Это решение вызвало за границей не меньший резонанс, чем пересмотр дела Круппа. Министр иностранных дел Англии Иден в палате общин вынужден был отвечать на множество неприятных вопросов и запросов. Он возложил вину на лейбористское правительство, которому, по его словам, принадлежала идея компенсации. Иден заявил, что законы союзников предусматривают не конфискацию имущества, а штрафные санкции. Министр также заверил, что правительство ставит целью не допустить того, чтобы Крупп тем или иным способом снова вложил деньги за проданное имущество в угольную и стальную индустрию. Крупп не отвечал на это прямо, но велел своему представителю Хардаху сделать заявление, что такое решение союзников «нарушает немецкую конституцию, элементарные права человека и свободу торговли». В Англии это заявление снова вызвало шум. В «Дейли миррор» появилась полемическая статья Дж. Камерона «Шавки войны воют о справедливости». В палате общин Дэвис заявил, что компенсация, да еще в таких размерах, семье, которая всячески содействовала Гитлеру, «вызывает оторопь». «Если Крупп был обвинен в применении рабского труда и в грабежах, то разве не лучше было бы вернуть часть этих сумм пострадавшим?» – восклицал Дэвис.
Пустой вопрос. У некоторых из потерпевших тоже были юристы, но, к сожалению для них, они не годились для целей «холодной войны». Зато для этих целей можно было использовать индустрию Круппов и германское общественное мнение, и дело кончилось тем, что после четырехмесячных проволочек договор о фирме Круппов обрел окончательную форму. Круппу воспрещалось производить сталь и сплавы, «за исключением небольших количеств для нужд предприятий, находящихся в собственности Альфрида Круппа»; однако, согласно листу дефиниций, производство его лучшей стали марки «видиа» – «как алмаз» – не считалось частью стальной индустрии. Угольные шахты Круппа в Бохуме передавались акционерным обществам, которые могли, на известных условиях, продать их иностранным собственникам. Основная часть стальных заводов, шахт и рудников передавалась под управление АО «Хюттен унд Бергверке Рейнхаузен». Капитал этой компании составлял в то время свыше 20 миллионов долларов, а ее владельцами являлись немцы: экс-канцлер Ганс Лютер, Герберт Любовски, а также Карл Гец, банкир без нацистского прошлого. Они имели право продажи акций «независимым лицам» в течение пяти лет; покупателями не могли быть Крупп, члены его семьи и «лица, действующие от их имени». Сотрудники фирмы Круппа имели право работать на этих так называемых «отчужденных предприятиях» и могли приобрести не более 10 процентов акций этой компании.

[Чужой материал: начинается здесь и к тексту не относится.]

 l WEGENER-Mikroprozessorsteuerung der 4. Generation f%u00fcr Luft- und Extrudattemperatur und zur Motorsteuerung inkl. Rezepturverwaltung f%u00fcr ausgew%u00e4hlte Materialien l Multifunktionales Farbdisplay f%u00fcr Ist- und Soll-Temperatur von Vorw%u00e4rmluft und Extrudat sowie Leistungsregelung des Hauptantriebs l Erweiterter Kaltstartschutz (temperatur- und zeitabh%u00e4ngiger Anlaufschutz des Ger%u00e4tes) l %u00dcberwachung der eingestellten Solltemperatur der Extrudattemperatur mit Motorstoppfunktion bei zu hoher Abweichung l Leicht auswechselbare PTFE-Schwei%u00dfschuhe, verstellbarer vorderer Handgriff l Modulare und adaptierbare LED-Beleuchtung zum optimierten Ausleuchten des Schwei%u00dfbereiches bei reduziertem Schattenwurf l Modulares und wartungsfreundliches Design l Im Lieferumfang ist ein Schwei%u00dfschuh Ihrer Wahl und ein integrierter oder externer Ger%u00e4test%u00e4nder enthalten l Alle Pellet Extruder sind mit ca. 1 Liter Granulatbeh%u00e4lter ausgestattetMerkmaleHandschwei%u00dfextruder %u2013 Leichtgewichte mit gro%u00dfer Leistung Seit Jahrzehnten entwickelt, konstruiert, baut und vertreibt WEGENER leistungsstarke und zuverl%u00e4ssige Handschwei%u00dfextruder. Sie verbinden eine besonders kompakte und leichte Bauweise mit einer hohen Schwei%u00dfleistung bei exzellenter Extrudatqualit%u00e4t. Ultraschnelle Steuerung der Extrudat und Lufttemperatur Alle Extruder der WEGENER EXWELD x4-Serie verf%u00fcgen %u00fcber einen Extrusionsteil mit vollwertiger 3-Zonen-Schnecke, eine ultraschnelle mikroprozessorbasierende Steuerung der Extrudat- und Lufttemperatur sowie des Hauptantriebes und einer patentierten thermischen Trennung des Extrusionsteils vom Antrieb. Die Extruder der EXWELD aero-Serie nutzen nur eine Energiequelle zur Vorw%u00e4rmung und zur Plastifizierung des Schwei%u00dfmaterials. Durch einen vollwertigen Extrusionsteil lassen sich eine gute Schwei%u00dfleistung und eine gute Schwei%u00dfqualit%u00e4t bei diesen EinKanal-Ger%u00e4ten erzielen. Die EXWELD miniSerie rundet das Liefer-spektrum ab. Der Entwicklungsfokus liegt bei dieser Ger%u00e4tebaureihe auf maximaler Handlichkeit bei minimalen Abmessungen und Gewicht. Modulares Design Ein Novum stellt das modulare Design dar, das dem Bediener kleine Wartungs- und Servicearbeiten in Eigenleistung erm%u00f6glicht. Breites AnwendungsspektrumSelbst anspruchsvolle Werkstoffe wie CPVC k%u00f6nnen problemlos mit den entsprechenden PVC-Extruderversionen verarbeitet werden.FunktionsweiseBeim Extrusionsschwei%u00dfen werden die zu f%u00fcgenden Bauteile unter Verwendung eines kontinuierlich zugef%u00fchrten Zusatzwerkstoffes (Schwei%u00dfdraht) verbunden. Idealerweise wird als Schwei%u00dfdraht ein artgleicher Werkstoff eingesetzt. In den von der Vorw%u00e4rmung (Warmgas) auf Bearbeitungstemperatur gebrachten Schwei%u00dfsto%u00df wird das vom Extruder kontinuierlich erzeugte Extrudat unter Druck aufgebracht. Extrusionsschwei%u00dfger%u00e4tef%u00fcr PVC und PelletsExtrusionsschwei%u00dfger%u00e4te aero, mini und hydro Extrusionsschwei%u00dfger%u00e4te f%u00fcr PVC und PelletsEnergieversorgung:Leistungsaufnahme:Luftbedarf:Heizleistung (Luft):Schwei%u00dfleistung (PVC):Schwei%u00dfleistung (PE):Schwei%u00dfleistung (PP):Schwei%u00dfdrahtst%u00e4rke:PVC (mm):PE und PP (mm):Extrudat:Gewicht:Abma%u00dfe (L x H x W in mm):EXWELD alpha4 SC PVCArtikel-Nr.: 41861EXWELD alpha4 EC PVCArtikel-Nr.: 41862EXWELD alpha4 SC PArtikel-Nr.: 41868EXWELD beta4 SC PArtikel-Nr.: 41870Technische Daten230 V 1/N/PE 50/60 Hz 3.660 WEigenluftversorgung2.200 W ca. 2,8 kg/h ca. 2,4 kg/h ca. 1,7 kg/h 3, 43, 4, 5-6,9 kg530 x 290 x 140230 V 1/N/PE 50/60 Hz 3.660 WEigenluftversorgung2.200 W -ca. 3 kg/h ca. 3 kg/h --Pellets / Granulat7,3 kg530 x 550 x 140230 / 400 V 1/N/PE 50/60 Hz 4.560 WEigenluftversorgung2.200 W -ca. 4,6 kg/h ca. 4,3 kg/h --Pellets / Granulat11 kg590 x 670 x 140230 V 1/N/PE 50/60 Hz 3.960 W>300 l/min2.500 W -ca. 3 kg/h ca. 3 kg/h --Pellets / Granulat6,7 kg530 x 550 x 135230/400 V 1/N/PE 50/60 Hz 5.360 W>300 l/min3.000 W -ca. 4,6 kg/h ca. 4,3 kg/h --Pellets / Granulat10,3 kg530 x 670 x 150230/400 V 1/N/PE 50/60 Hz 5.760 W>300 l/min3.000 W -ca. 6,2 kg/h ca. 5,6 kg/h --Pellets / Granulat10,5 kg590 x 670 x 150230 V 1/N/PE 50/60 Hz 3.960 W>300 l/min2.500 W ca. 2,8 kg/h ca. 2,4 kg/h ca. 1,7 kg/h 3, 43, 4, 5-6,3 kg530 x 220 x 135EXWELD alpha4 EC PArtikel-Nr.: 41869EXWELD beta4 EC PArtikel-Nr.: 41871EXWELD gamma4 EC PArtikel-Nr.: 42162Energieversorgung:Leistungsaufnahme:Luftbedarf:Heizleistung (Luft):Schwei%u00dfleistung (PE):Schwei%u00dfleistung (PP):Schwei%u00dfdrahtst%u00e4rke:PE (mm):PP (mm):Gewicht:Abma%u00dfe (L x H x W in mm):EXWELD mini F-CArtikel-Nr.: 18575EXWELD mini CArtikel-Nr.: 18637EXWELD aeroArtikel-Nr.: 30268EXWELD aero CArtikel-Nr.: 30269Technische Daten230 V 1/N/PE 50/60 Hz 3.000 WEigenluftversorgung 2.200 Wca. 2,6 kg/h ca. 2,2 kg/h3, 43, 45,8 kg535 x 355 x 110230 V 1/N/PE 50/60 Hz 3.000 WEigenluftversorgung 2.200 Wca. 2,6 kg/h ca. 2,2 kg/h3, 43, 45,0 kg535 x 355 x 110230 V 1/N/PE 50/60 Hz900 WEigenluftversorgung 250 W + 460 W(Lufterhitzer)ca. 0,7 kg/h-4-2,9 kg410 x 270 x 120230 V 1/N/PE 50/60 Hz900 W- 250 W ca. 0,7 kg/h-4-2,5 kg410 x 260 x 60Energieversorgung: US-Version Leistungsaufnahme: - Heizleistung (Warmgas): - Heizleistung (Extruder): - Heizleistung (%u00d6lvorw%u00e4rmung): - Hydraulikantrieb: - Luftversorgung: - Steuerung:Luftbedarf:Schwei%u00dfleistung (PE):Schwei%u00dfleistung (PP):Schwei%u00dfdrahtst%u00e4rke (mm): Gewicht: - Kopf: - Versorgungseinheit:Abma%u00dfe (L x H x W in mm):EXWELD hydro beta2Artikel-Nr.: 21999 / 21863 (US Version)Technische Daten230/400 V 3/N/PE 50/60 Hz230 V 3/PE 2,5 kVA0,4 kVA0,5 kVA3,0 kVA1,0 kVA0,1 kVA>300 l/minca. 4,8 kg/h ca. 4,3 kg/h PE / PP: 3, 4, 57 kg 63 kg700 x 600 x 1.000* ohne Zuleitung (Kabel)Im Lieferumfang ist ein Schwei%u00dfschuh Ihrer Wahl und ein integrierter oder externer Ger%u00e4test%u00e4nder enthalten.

Альфрид и после этого оставался мультимиллионером. Он имел право получать 25 процентов с бывших угольных шахт, в то время 2 324 000 долларов. И после «децентрализации» фирмы его состояние оценивалось в 140 миллионов долларов. Конечно, это был уже не тот сказочно богатый магнат, каким он был во времена Третьего рейха. Казалось, после подписания соглашения 4 марта для него не было способа вернуть былую экономическую мощь династии.

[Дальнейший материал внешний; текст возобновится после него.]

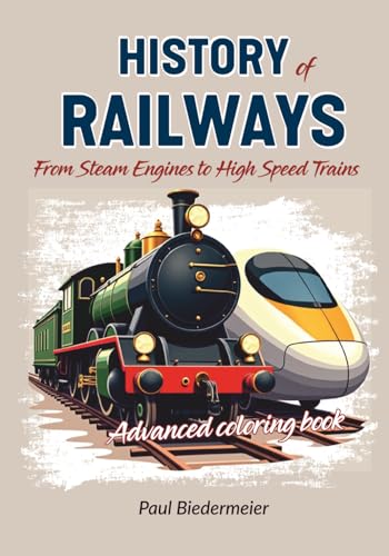 History of Railways Advanced Coloring Book: Over 30 Detailed Drawings of Freight and Passenger Trains from the 19th Century to the 21st Century for Older Kids and Advanced Colorists

Но вопрос не такой простой. От собственных журналистов немецкая публика узнала то, что ускользнуло от внимания зарубежных корреспондентов: «Подписанное соглашение не содержит никаких обязательств воздерживаться от производства оружия в будущем». Это странное упущение породило много догадок об истинных мотивах партнеров Круппа по переговорам. Другой лазейкой было, по сути, вышеприведенное добавление о производстве «видиа», то есть если прочесть это буквально и в целом, то получалось, что Крупп, даже не имея сырья, может производить столько стали, сколько ему нужно; просто он должен покупать болванки у других фабрикантов и поручать умным юристам составление контрактов. Конечно, это была бы увертка. Но ведь любой человек, если его самого обзывают «военной шавкой», а с его сотрудниками «обращаются как с неграми», едва ли упустит случай надуть своего обидчика. А Альфрид всегда был мастером уверток и маневров. Он понимал, что союзники сейчас не принесут ему большого вреда, и был уверен в одобрении со стороны немцев, а потому мог трактовать Мелемский договор так, как считал нужным. Не существовало юридических норм, прямо предписывающих продажу конкретных предприятий с аукциона, а иностранцам они могли быть проданы только по «приемлемой для обеих сторон цене».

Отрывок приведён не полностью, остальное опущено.